*** Begin section ***

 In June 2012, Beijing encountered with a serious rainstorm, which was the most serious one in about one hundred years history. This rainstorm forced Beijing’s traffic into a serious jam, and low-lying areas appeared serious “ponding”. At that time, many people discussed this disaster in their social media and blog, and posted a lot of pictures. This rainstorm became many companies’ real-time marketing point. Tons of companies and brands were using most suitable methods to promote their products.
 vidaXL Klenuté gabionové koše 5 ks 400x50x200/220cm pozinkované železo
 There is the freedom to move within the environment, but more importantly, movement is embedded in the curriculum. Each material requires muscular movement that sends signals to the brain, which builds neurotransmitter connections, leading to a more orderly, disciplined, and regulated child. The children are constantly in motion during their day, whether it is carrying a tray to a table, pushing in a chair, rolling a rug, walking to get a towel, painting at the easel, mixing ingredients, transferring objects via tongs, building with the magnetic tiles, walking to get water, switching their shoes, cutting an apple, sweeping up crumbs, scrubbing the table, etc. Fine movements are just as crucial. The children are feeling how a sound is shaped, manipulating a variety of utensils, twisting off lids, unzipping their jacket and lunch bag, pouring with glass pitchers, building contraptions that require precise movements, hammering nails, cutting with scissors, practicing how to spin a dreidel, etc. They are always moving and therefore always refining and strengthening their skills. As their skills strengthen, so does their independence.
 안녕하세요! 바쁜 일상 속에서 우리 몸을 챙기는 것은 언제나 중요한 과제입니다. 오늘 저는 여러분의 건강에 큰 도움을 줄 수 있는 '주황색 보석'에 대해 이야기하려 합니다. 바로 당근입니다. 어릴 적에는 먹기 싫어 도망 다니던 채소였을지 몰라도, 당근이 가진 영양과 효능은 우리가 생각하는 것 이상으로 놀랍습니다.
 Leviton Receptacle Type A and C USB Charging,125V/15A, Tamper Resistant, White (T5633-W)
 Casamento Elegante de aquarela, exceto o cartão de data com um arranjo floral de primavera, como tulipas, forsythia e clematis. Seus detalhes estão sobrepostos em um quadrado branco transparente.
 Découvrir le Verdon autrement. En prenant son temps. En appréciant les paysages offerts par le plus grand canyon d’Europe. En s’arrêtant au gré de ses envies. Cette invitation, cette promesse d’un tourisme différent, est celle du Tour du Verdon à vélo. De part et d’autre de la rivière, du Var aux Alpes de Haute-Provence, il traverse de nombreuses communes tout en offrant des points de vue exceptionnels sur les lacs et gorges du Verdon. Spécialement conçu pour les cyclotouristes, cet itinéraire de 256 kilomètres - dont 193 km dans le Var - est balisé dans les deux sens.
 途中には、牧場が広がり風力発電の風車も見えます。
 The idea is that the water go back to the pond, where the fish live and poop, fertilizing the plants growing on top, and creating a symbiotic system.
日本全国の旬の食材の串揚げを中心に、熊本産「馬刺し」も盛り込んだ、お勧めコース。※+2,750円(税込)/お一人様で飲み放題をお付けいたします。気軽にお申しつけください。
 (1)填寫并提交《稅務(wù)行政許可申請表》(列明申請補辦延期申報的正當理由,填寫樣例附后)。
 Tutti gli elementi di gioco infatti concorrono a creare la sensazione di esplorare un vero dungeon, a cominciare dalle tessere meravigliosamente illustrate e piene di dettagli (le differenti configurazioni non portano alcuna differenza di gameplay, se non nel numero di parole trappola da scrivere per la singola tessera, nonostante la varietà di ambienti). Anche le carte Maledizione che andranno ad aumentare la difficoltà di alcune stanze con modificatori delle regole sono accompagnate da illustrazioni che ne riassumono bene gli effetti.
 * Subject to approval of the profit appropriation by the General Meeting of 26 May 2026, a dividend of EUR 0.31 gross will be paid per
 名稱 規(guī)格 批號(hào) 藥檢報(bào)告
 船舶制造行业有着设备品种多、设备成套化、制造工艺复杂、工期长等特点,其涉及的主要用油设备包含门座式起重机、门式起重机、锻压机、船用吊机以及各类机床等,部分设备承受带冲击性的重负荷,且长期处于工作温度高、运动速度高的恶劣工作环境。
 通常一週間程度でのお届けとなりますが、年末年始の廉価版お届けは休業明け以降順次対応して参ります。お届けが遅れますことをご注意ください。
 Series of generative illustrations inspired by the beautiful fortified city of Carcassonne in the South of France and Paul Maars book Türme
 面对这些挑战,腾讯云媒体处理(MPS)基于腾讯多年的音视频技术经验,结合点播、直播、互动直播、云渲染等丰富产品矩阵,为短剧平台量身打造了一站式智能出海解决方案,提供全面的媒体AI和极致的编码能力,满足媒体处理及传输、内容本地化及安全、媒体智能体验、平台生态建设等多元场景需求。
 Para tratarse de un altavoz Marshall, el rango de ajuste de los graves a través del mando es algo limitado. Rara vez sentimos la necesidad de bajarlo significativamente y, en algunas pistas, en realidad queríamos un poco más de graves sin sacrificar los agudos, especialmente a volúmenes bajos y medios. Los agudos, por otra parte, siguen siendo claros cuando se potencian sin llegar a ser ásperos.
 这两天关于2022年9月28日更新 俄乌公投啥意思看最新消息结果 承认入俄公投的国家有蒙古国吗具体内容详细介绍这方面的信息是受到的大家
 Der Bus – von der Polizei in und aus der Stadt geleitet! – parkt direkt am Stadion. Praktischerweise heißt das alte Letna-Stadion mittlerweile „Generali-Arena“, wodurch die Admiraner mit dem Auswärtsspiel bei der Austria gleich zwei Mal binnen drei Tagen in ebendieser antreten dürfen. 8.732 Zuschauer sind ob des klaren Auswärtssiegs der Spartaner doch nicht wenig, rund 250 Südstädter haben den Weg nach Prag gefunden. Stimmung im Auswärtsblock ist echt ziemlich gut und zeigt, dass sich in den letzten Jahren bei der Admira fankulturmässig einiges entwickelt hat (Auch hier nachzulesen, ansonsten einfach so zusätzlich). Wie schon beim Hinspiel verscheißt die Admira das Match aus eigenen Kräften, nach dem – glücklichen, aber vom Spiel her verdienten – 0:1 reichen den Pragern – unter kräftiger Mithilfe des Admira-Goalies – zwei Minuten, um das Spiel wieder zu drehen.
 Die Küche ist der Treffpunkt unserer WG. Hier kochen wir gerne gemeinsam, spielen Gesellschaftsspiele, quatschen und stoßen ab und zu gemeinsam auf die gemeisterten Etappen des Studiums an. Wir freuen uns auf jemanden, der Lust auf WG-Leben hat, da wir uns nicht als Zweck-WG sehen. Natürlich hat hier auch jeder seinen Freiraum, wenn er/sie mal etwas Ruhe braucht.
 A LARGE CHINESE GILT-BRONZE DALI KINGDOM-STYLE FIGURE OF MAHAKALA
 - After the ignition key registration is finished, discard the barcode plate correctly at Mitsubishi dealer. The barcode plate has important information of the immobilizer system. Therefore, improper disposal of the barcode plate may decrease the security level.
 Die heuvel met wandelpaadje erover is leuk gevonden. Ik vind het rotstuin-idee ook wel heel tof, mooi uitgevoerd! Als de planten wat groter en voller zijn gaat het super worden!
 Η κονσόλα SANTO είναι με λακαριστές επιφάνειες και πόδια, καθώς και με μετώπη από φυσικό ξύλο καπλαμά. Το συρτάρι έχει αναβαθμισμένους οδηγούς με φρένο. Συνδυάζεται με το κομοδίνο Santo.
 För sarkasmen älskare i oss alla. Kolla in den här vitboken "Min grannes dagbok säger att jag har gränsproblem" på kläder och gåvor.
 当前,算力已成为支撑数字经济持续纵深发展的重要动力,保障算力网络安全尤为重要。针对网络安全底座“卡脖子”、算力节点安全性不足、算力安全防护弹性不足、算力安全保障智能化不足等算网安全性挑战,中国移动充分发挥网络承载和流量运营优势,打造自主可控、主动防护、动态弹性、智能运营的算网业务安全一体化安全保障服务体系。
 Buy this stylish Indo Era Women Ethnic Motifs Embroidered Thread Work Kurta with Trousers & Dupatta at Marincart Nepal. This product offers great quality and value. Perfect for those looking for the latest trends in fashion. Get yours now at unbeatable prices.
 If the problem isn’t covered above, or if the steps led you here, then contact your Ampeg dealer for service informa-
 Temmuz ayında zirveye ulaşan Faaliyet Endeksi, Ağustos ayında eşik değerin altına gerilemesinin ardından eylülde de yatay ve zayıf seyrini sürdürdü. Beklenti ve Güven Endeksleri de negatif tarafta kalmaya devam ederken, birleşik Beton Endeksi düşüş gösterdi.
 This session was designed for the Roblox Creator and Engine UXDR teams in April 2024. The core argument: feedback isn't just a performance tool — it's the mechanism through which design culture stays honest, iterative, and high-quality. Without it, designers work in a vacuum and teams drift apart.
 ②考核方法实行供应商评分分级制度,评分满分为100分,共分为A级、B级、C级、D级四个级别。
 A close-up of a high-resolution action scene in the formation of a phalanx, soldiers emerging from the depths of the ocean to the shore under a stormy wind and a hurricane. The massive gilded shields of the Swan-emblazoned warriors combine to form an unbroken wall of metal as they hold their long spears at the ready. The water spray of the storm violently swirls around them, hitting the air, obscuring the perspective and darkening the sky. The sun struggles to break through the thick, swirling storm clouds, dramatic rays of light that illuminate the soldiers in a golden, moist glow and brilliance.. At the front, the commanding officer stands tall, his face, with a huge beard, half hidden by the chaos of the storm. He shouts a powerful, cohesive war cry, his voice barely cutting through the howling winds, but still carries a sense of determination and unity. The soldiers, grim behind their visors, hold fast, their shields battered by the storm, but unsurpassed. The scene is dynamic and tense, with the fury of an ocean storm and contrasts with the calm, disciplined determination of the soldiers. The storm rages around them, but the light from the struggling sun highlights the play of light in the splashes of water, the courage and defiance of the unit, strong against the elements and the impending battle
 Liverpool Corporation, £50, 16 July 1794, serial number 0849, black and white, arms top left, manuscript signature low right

*** End section ***

* _WORK INSTRUCTION_: Could you write out, exactly as they stand, only the lines above that begin at the line with "Casamento Elegante de" and stop after the line with "Tutti gli elementi"?

* _RESULT OF THE TASK_:
 Casamento Elegante de aquarela, exceto o cartão de data com um arranjo floral de primavera, como tulipas, forsythia e clematis. Seus detalhes estão sobrepostos em um quadrado branco transparente.
 Découvrir le Verdon autrement. En prenant son temps. En appréciant les paysages offerts par le plus grand canyon d’Europe. En s’arrêtant au gré de ses envies. Cette invitation, cette promesse d’un tourisme différent, est celle du Tour du Verdon à vélo. De part et d’autre de la rivière, du Var aux Alpes de Haute-Provence, il traverse de nombreuses communes tout en offrant des points de vue exceptionnels sur les lacs et gorges du Verdon. Spécialement conçu pour les cyclotouristes, cet itinéraire de 256 kilomètres - dont 193 km dans le Var - est balisé dans les deux sens.
 途中には、牧場が広がり風力発電の風車も見えます。
 The idea is that the water go back to the pond, where the fish live and poop, fertilizing the plants growing on top, and creating a symbiotic system.
日本全国の旬の食材の串揚げを中心に、熊本産「馬刺し」も盛り込んだ、お勧めコース。※+2,750円(税込)/お一人様で飲み放題をお付けいたします。気軽にお申しつけください。
 (1)填寫并提交《稅務(wù)行政許可申請表》(列明申請補辦延期申報的正當理由,填寫樣例附后)。
 Tutti gli elementi di gioco infatti concorrono a creare la sensazione di esplorare un vero dungeon, a cominciare dalle tessere meravigliosamente illustrate e piene di dettagli (le differenti configurazioni non portano alcuna differenza di gameplay, se non nel numero di parole trappola da scrivere per la singola tessera, nonostante la varietà di ambienti). Anche le carte Maledizione che andranno ad aumentare la difficoltà di alcune stanze con modificatori delle regole sono accompagnate da illustrazioni che ne riassumono bene gli effetti.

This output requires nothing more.